• [RECORDED INFORMATION]
* * *
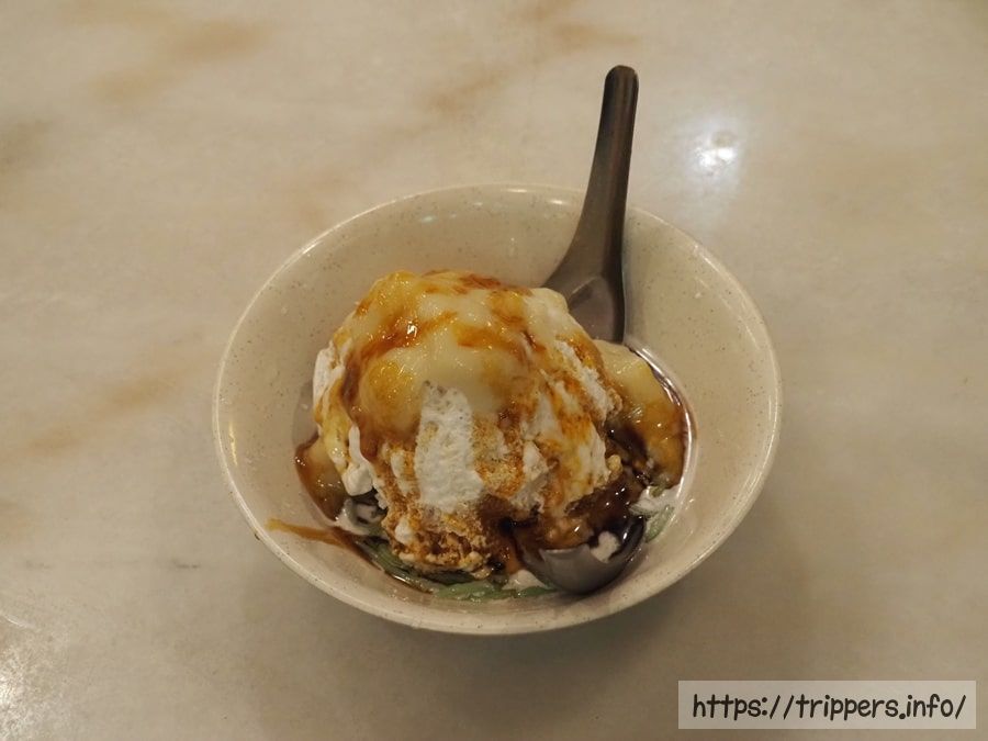 食事を終えたら、今度はデザートを注文します。ババドリアンチェンドルです。秒で溶けだすかき氷なので、必ずババラクサとは別で注文する必要があります。ドリアンのソースが美味しく、熱くなった身体を冷やしてくれました。
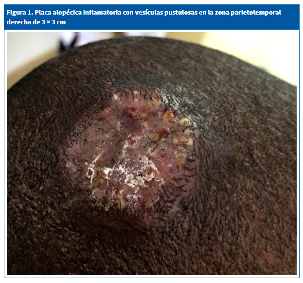 | Figura 1. Placa alopécica inflamatoria con vesículas pustulosas en la zona parietotemporal derecha de 3 × 3 cm |
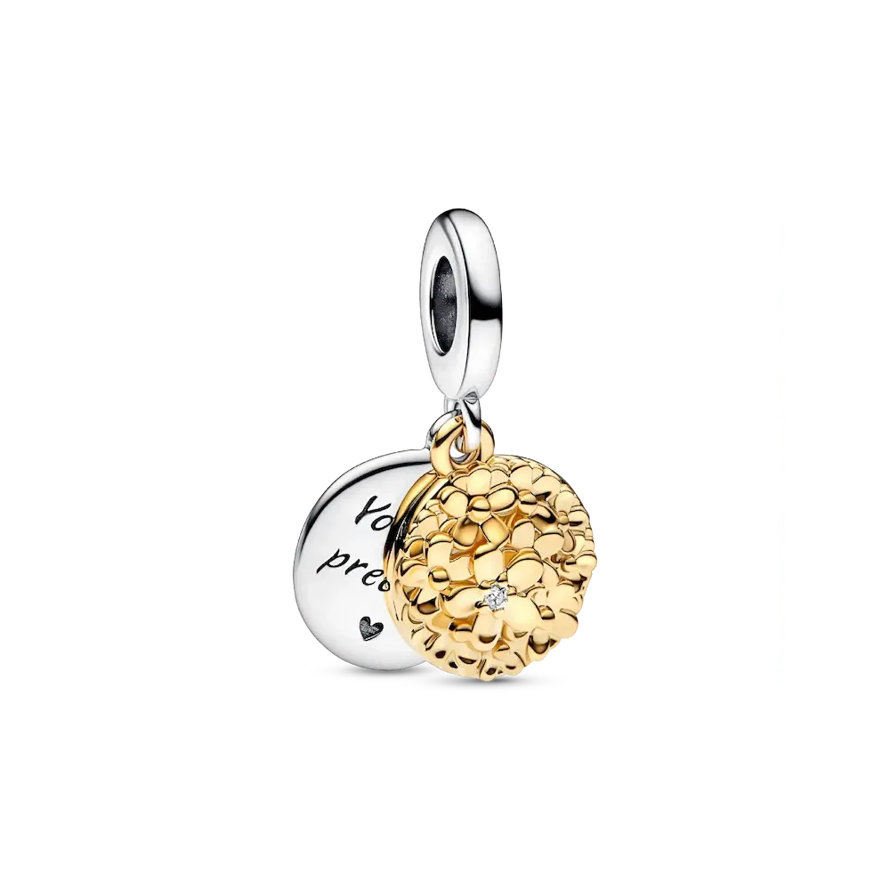 An exclusive charm for My Pandora Gold members. Detailed with layers of raised daisies and featuring a sparkling lab-grown diamond, this floral-inspired charm is engraved with the meaningful message “You are precious <3.
* * *
• [WHAT THE TASK REQUIRES]
Copy out every line of the material above exactly, skipping the pictures.

• [SOLUTION TO THIS TASK]
 食事を終えたら、今度はデザートを注文します。ババドリアンチェンドルです。秒で溶けだすかき氷なので、必ずババラクサとは別で注文する必要があります。ドリアンのソースが美味しく、熱くなった身体を冷やしてくれました。
 | Figura 1. Placa alopécica inflamatoria con vesículas pustulosas en la zona parietotemporal derecha de 3 × 3 cm |
 An exclusive charm for My Pandora Gold members. Detailed with layers of raised daisies and featuring a sparkling lab-grown diamond, this floral-inspired charm is engraved with the meaningful message “You are precious <3.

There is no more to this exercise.